Dataset extract:

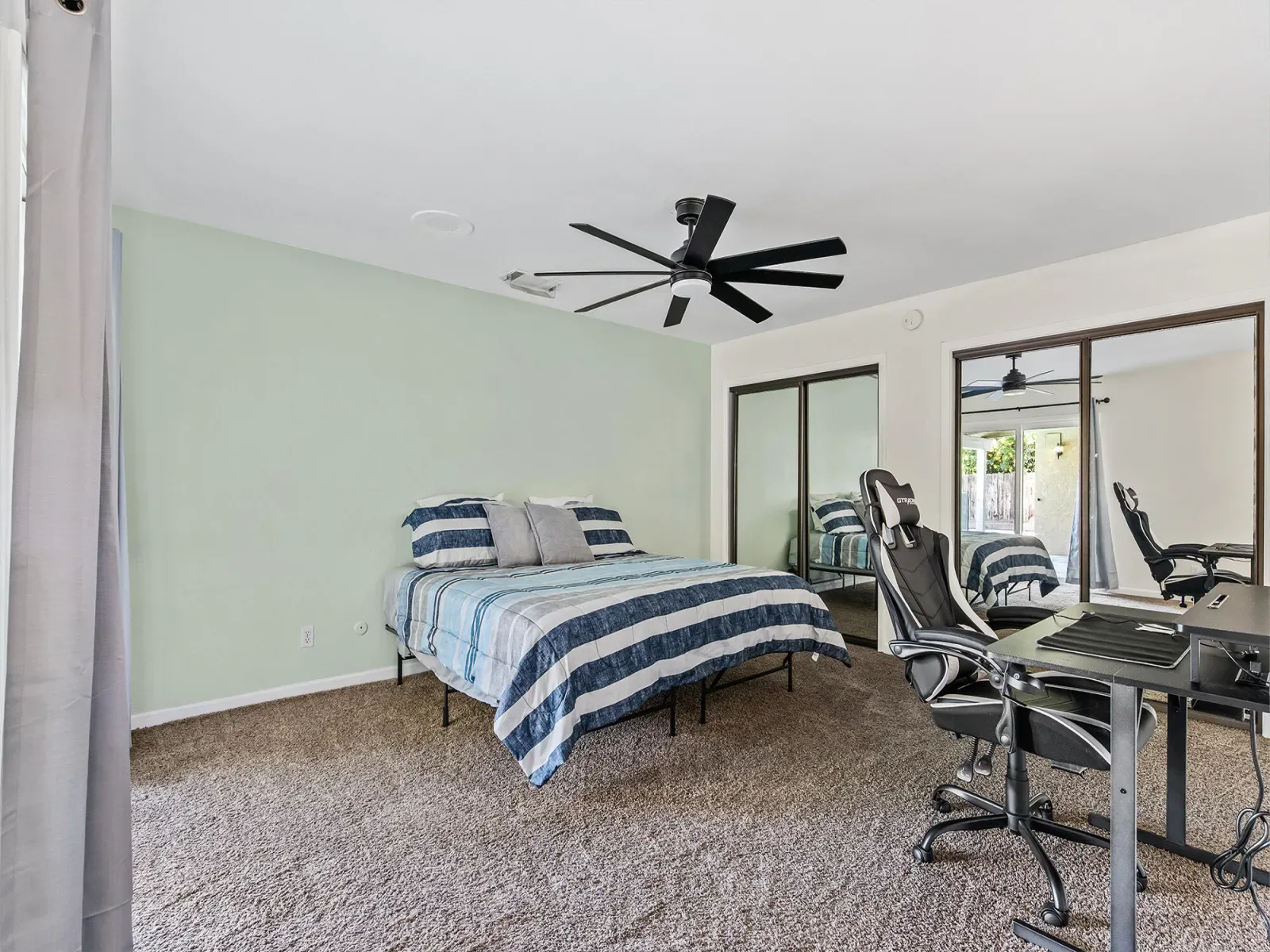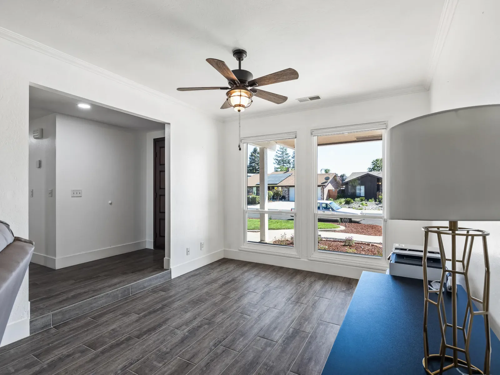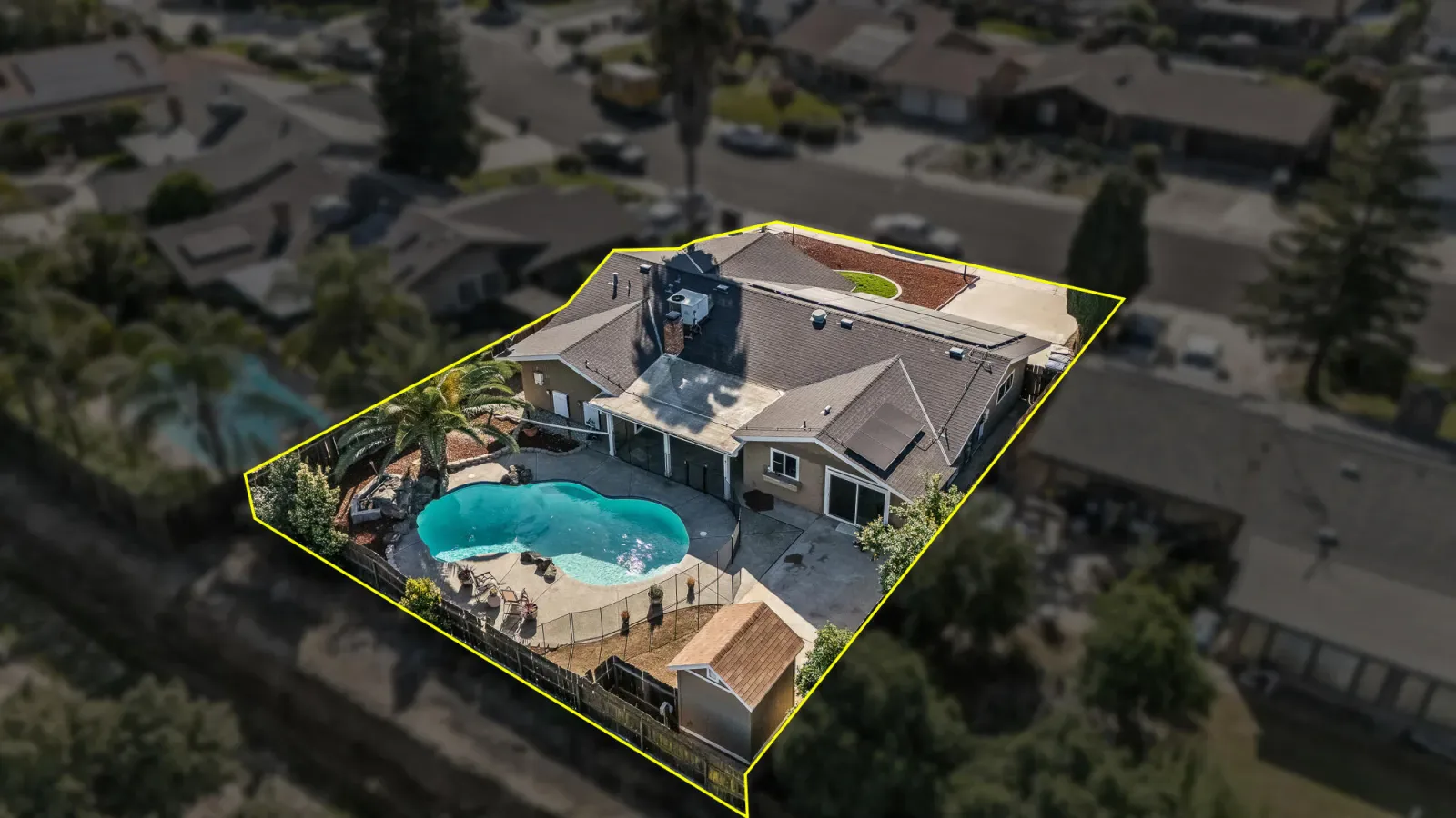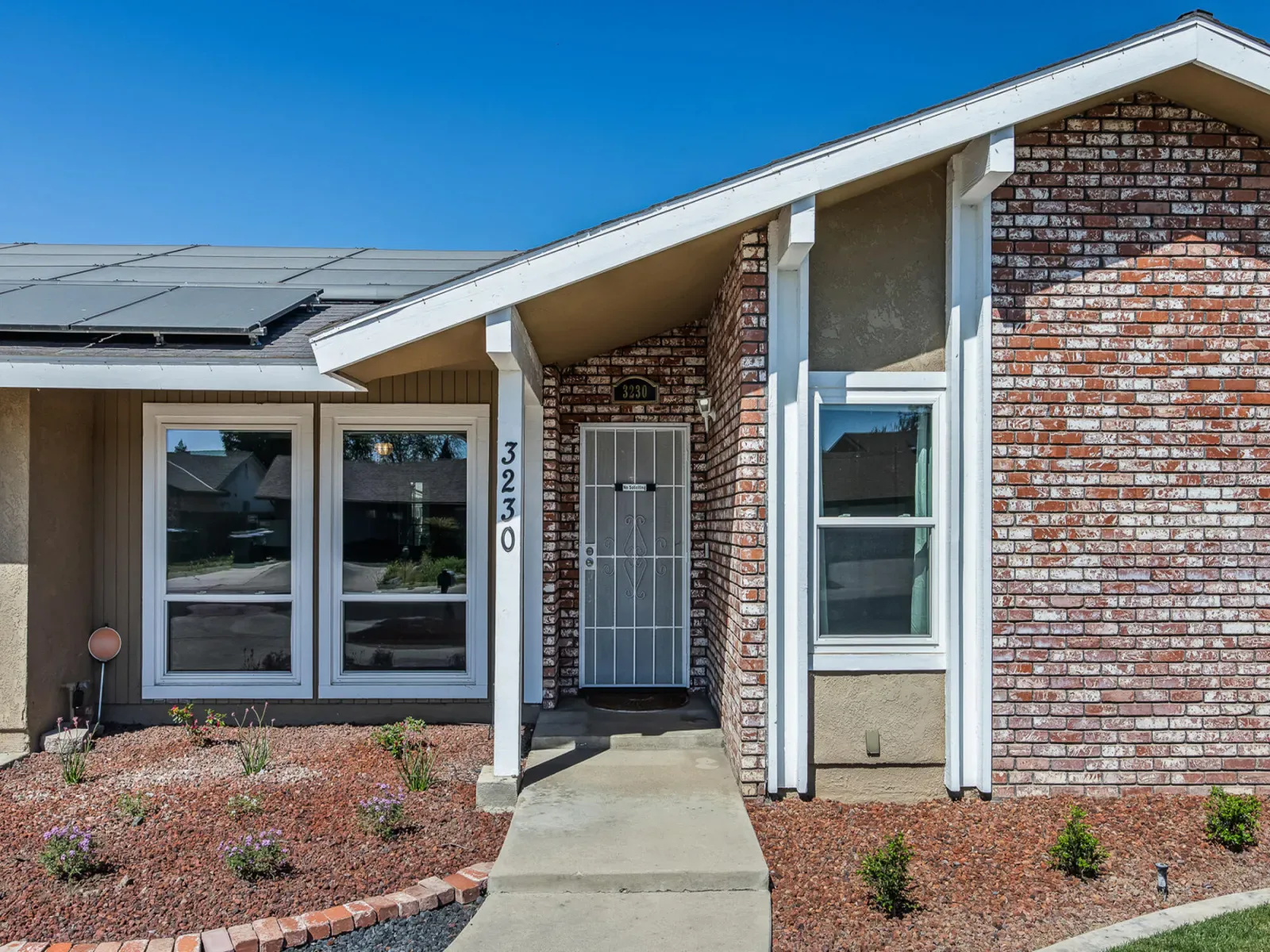 Fall in love the moment you arrive! This stunning 3 bedroom, 2 bathroom home in desirable Visalia with incredible curb appeal. Step inside to an open, light-filled floor plan with large windows, vaulted ceilings, beautiful wood beams, wood like tile, and a cozy brick fireplace that anchors the spacious living room. The kitchen features stainless steel appliances, double ovens, and plenty of cabinet space, plus a formal dining area for gatherings. Just off the kitchen is a huge bonus flex room with a massive slider that opens to the backyard—perfect for entertaining or a game room. The spacious primary suite includes backyard access, mirrored closets, and a bath with dual sinks and an oversized counter. Step outside to your own tropical oasis featuring a large fenced pool with a rock waterfall, covered patio, storage shed, and plenty of space to relax or entertain. Additional highlights include solar, a whole house fan, and indoor laundry. This home truly has it all—don’t miss your chance to see it!
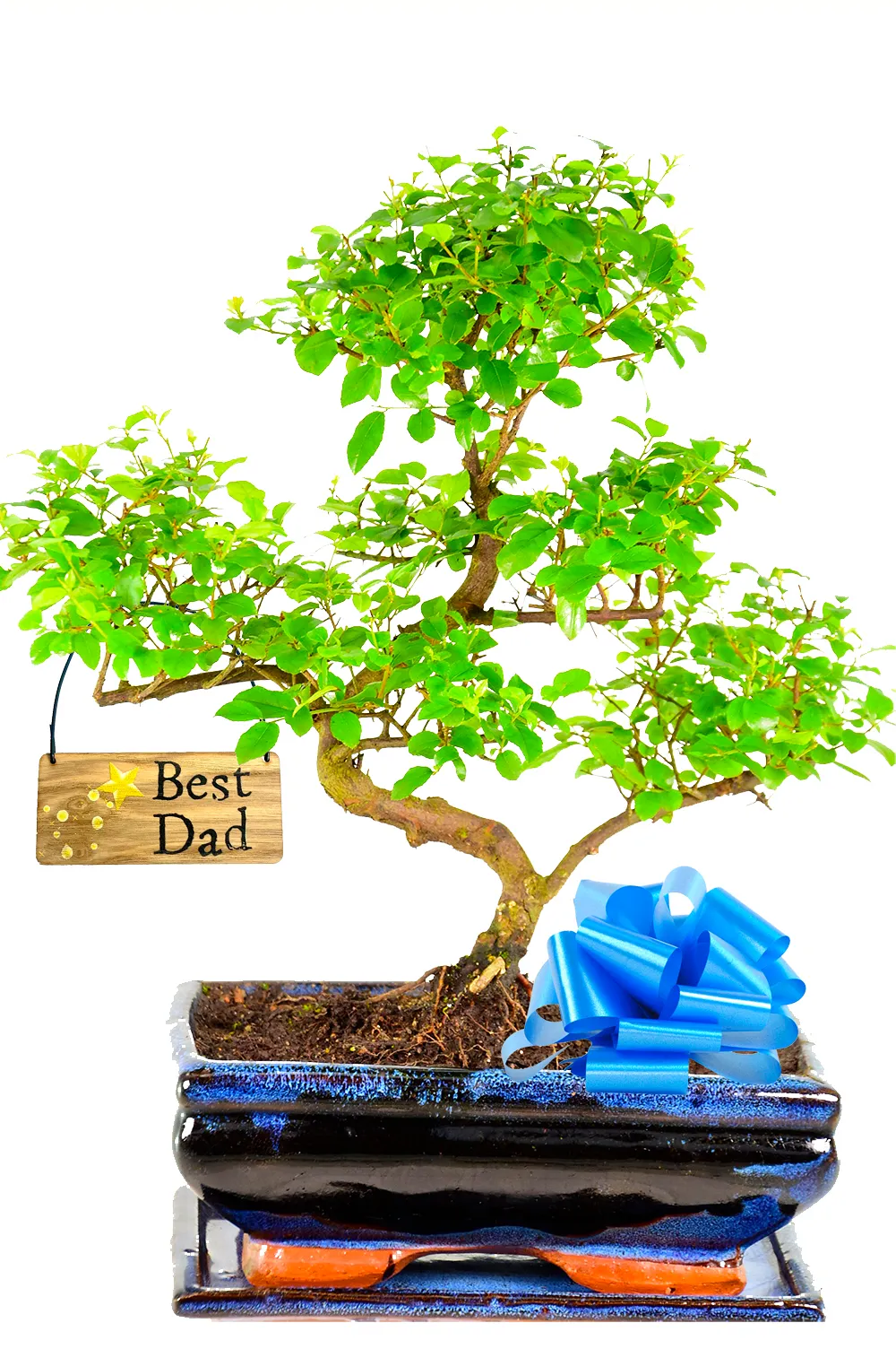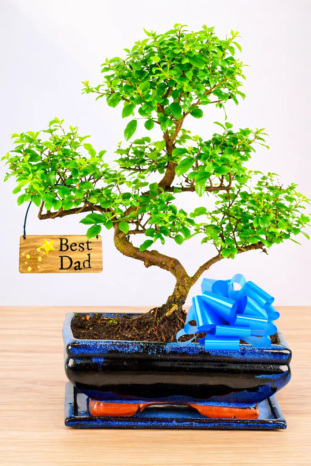 Looking for a unique and meaningful gift for Dad this Father’s Day? This 12-year-old Chinese Sweet Plum (Sageretia theezans) bonsai is the perfect choice, symbolising protection, creativity, new life, and warm wishes. With its lush green foliage, vibrant red-tinged leaves, and the eventual appearance of delicate purple fruits, this bonsai offers both beauty and lasting charm. Potted in a classic navy blue ceramic pot with an optional drip tray, this elegant bonsai makes a stylish addition to Dad’s space. To make it even more special, a “Best Dad” tag is included, adding a personal and heartfelt touch to this extraordinary gift. A truly unique way to show Dad how much he means to you this Father’s Day.
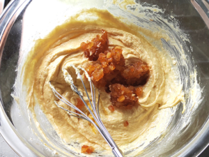 ![]() ⑥オレンジピールを加え、バラバラになるように泡立て器で先に崩してから、全体を混ぜ合わせます。 |
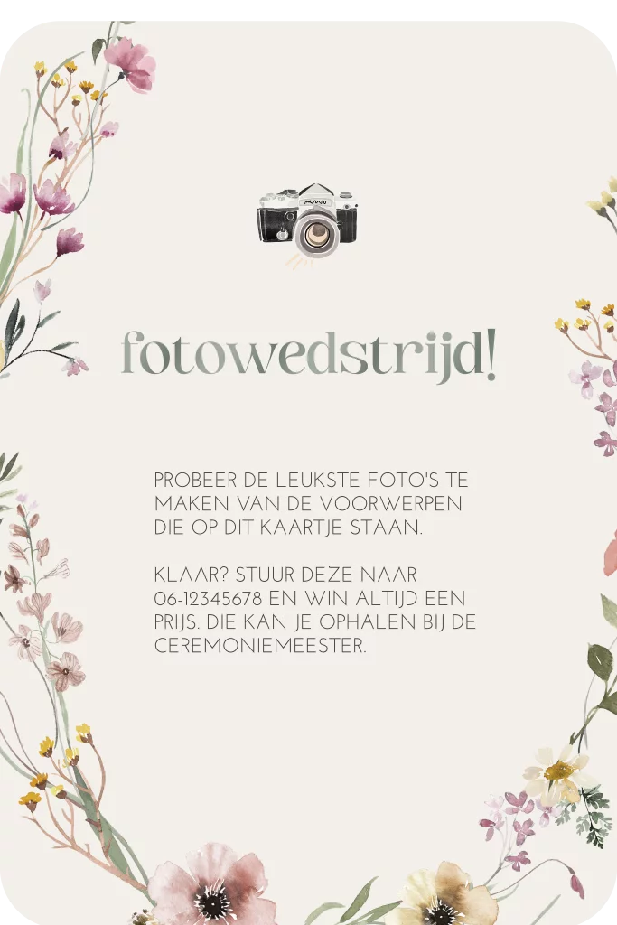 Zijn er veel kinderen op jullie bruiloft? Laat ze meedoen aan dit leuke spel: een fotowedstrijd. Ze kunnen tijdens de receptie of het feest creatief bezig zijn met het maken van foto's. Dit is een kaartje met bloemetjes en hoogglans, passend bij een trouwkaart in dezelfde stijl.

Problem statement:
Once the pictures are set aside, give the rest of the material again unchanged.

Answer box:
 Fall in love the moment you arrive! This stunning 3 bedroom, 2 bathroom home in desirable Visalia with incredible curb appeal. Step inside to an open, light-filled floor plan with large windows, vaulted ceilings, beautiful wood beams, wood like tile, and a cozy brick fireplace that anchors the spacious living room. The kitchen features stainless steel appliances, double ovens, and plenty of cabinet space, plus a formal dining area for gatherings. Just off the kitchen is a huge bonus flex room with a massive slider that opens to the backyard—perfect for entertaining or a game room. The spacious primary suite includes backyard access, mirrored closets, and a bath with dual sinks and an oversized counter. Step outside to your own tropical oasis featuring a large fenced pool with a rock waterfall, covered patio, storage shed, and plenty of space to relax or entertain. Additional highlights include solar, a whole house fan, and indoor laundry. This home truly has it all—don’t miss your chance to see it!
 Looking for a unique and meaningful gift for Dad this Father’s Day? This 12-year-old Chinese Sweet Plum (Sageretia theezans) bonsai is the perfect choice, symbolising protection, creativity, new life, and warm wishes. With its lush green foliage, vibrant red-tinged leaves, and the eventual appearance of delicate purple fruits, this bonsai offers both beauty and lasting charm. Potted in a classic navy blue ceramic pot with an optional drip tray, this elegant bonsai makes a stylish addition to Dad’s space. To make it even more special, a “Best Dad” tag is included, adding a personal and heartfelt touch to this extraordinary gift. A truly unique way to show Dad how much he means to you this Father’s Day.
 ![]() ⑥オレンジピールを加え、バラバラになるように泡立て器で先に崩してから、全体を混ぜ合わせます。 |
 Zijn er veel kinderen op jullie bruiloft? Laat ze meedoen aan dit leuke spel: een fotowedstrijd. Ze kunnen tijdens de receptie of het feest creatief bezig zijn met het maken van foto's. Dit is een kaartje met bloemetjes en hoogglans, passend bij een trouwkaart in dezelfde stijl.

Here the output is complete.